Experiential travel – With guests in place for weeks and months at a time, there is more opportunity to get to know the destination, and extended stay hotels are taking steps to create those memorable experiences.
It’s no wonder that extended stay is booming. Even in an industry where rate and occupancy are strong, extended stay outstrips its “traditional” competitors. According to the Highland Group, consultants who have monitored the category for decades, extended stay hotels enjoyed the fastest quarterly gain in revenue in more than nine years during the second quarter of 2015. Most of the gain in revenue was through average rate, which was up more than 8 percent over a year ago.

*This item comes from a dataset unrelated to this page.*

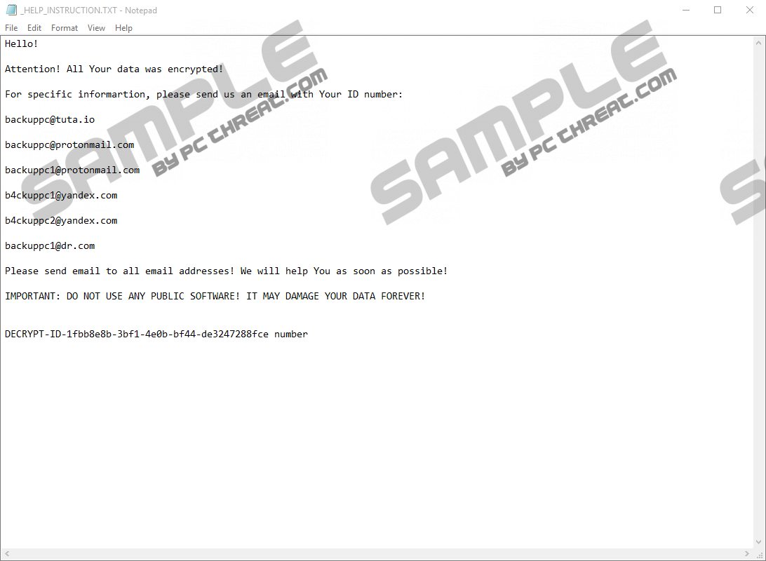 .BACKUP RansomwareThere is little doubt that .BACKUP Ransomware has corrupted your operating system if you have found the “.BACKUP” extension attached to all of your personal files. This malicious infection belongs to the group of malware that encrypts files with the purpose of terrorizing victims into paying ransoms for tools or keys that, allegedly, could decrypt data. Although it has unique features, the infection is very similar to other threats from the same group. It is most important to note that the ransomware can encrypt files everywhere on the disk. Unlike some threats, it does not go after specific directories, and, instead, it simply looks for certain files with specific extensions. Without a doubt, the threat is most likely to go after photos, media files, and documents because these files are the most sensitive and valuable. Hence, you are more likely to pay for them; at least, in comparison to system files that can be easily downloaded online. Unfortunately, some people might give in, and that could be a mistake. The only recommendation we have for you is to remove .BACKUP Ransomware. The malicious .BACKUP Ransomware is a variant of CryptoMix Ransomware. We have seen other infections that are linked to this threat, including Mole66 Ransomware, 0000 Ransomware, and Zayka Ransomware. These threats can be spread in many different ways, but our researchers inform that misleading spam email attachments and vulnerable RDP connections are exploited most frequently. As soon as these infections slither in, they begin the encryption process. At this time, it is not known which encryption method .BACKUP Ransomware employs, but it is most likely to use RSA or AES encryptor. After the process is complete, and the extension is attached, a file named “_HELP_INSTRUCTION.TXT” is created. Although it is a file created by the ransomware, it is completely safe for you to open it. It is not a functional file, and its only purpose is to deliver the message that cyber criminals have for you. That being said, this file must be deleted during the elimination process. In fact, every single component of the malicious ransomware must be removed without exception. The ransom note file, _HELP_INSTRUCTION.TXT, immediately informs that personal data was encrypted, and then it instructs to send a special ID number to six different email addresses. These include: backuppc@tuta.io, backuppc@protonmail.com, backuppc1@protonmail.com, b4ckuppc1@yandex.com, b4ckuppc2@yandex.com, and backuppc1@dr.com. It is stated that a response would be issued right away, and while it is not said in the ransom note, we can guarantee that the response would include ransom payment instructions. Although threats that serve no real purpose exist, .BACKUP Ransomware is not one of them, and its creators built it to get your money. Victims who are not familiar with how ransomware operates and who are desperate to get their files back might be convinced that this is the only way out. Unfortunately, it is most likely that there is nothing anyone can do to help you recover personal data. To the knowledge of our malware researchers, legitimate free decryption tool cannot help you in this situation either. The only thing that can help you is file backups. Hopefully, you still have a secondary access to your personal files after you delete .BACKUP Ransomware via backups. Can you recognize malicious processes, files, and registries? This is the most important questions to ask yourself if you are thinking about deleting .BACKUP Ransomware manually. If you do not have experience identifying malicious components, but you are sure you want to try out manual removal, you need to be extremely careful. Of course, we recommend that instead of trying to catch and eliminate malware, you install software that could take care of all of this automatically. A trusted anti-malware program can do a lot for you. In a situation like this, it can automatically remove .BACKUP Ransomware and other active threats. Additionally – and most importantly – it can protect your operating system against malware invasion in the future. Of course, to keep malware away, you yourself need to be more cautious. Do NOT interact with unfamiliar emails, installers, or links, and do not keep your system unguarded. To ensure this, always install all security updates in time, and set up trustworthy anti-malware software. .BACKUP Ransomware Removal

In addition, occupancy in upscale extended stay ($100-plus a night) was the highest in ten years; second quarter demand growth was the fastest in five years and second quarter room revenue growth the fastest since 2006.
“Occupancy typically runs about 15 points higher than the industry as a whole,” says Diane Mayer, vice president and global brand manager for Residence Inn, Marriott’s upscale extended stay brand. “Right now our occupancy is 80 percent brand wide.”

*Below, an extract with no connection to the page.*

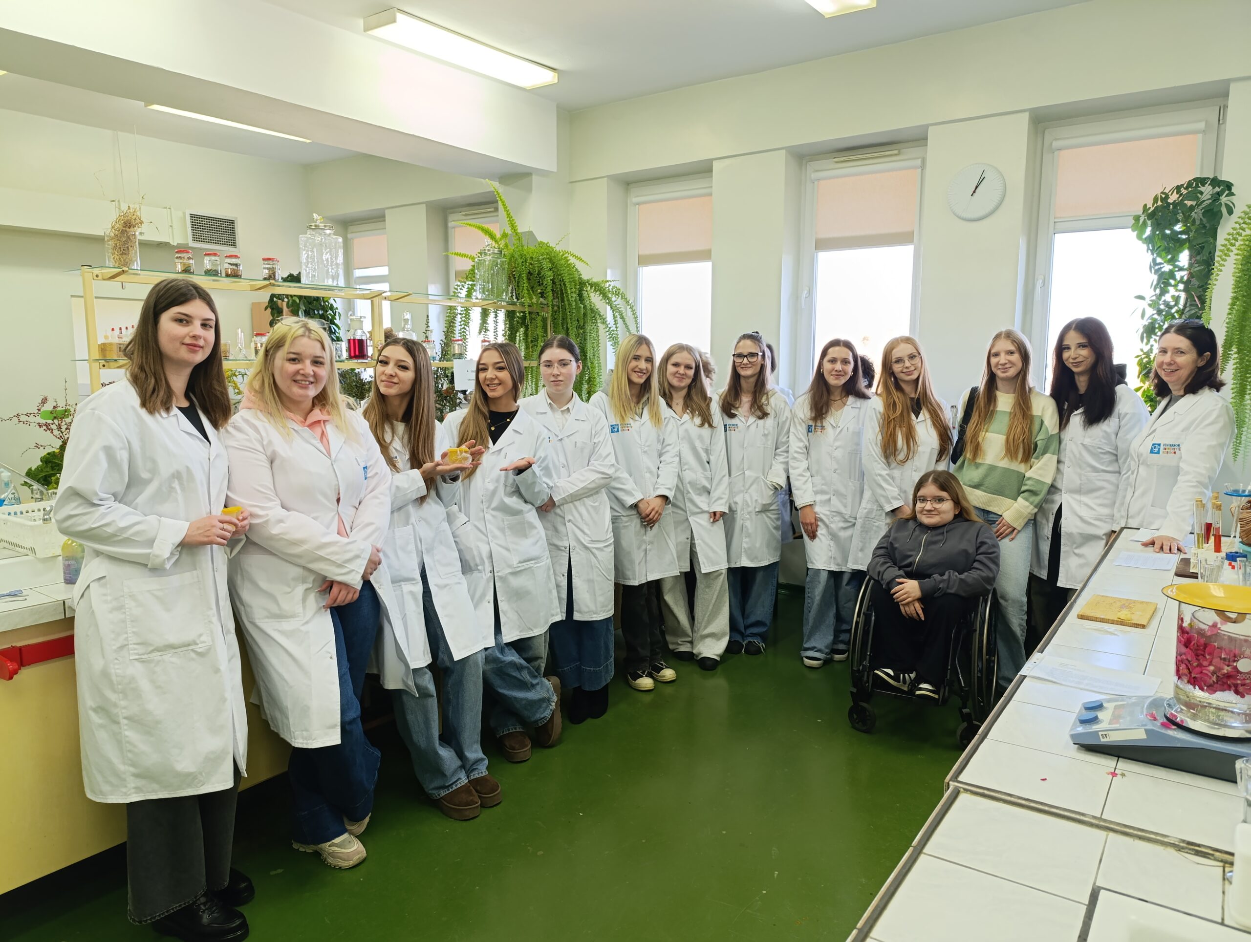 W dniu 19.11.2025r. Katedra Kosmetologii gościła uczniów klasy kosmetologicznej XI Liceum Ogólnokształcącego im. Stanisława Staszica w Radomiu, dla których zorganizowano warsztaty w Laboratorium Fitokosmetyków. Uczniowie rozpoczęli spotkanie od rozpoznania roślin znajdujących się na pracowni, które są potencjalnym źródłem składników aktywnych kosmetyków. Uczniowie wraz z opiekunem, Panią Beatą Chojnacką, mieli możliwość wytworzenia kosmetyków, wykorzystując jedynie surowce naturalne. Nauczyciele akademiccy prowadzący spotkanie: dr Małgorzata Okulska-Bożek, dr Ewa Jabłońska oraz dr hab. inż. Małgorzata Zięba, prof. URad zadbały, aby zajęcia przyniosły naszym Gościom wiele radości i satysfakcji.

Not surprisingly, extended stay rooms are being built at a record rate and according to Mark Skinner, a partner with Highland Group, supply should finally meet demand in the next year or two at which point rates might stabilize. However, he says, rate increases should remain well above inflation before starting to moderate in 2016.
“Probably the biggest thing in extended stay is growth in both the upscale and midscale categories,” says Bill Duncan, global head, brand management for Home2 Suites by Hilton and Homewood Suites by Hilton. “It’s growing in popularity for both extended stay and transient travelers. Guests love and crave space. Travel managers love it because team members are happier and more productive.”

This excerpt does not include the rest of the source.